Thinking from the automorphic point of view, it should be an $L$-function over $\mathbb Q$ corresponding to the automorphic induction of the Hecke character to a representation $\Pi$ of $GL_N(\mathbb A_{\mathbb Q})$ where $N=deg(E:\mathbb Q)$. However, automorphic induction is only known for cyclic (whence solvable) and non-normal cubic extensions.

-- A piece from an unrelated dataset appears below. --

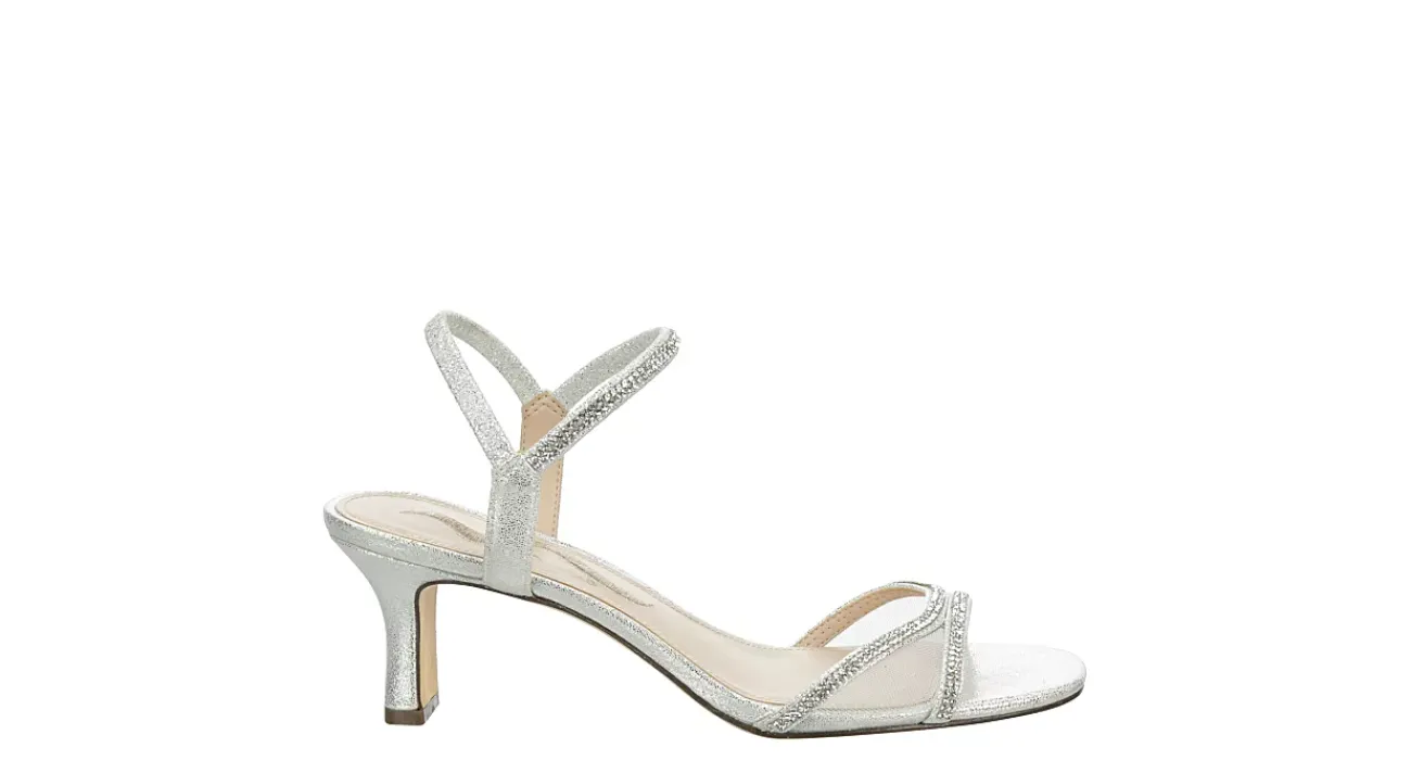 Dazzle your audience in the Barron sandal from N By Nina. With a glittery faux leather & mesh upper featuring a dainty mesh panel, this easy ankle strap sandal is dresses up special events. The footbed soothes your foot, while the kitten heel adds stable lift.

Depending on your extension and what you induce, it may be that $\Pi$ is cuspidal, but in general it should break up as an isobaric sum
$$ \Pi = \pi_1 \boxplus \cdots \boxplus \pi_r,$$
where the $\pi_i$'s are cuspidal. ($r=1$ and $\pi_1 = \Pi$ if $\Pi$ is cuspidal). Then your desired $L$-function decomposition over $\mathbb Q$ is
$$ L(s,\pi_1)L(s,\pi_2) \cdots L(s,\pi_r).$$
In the case of the Dedekind zeta function for an abelian extension, these $\pi_i$'s correspond to the irreducible characters of Gal$(E/\mathbb Q)$. For more general extensions, one knows this when each irreducible representation of Gal$(E/\mathbb Q)$ is known to be modular (corresponding to a cuspidal automorphic representation).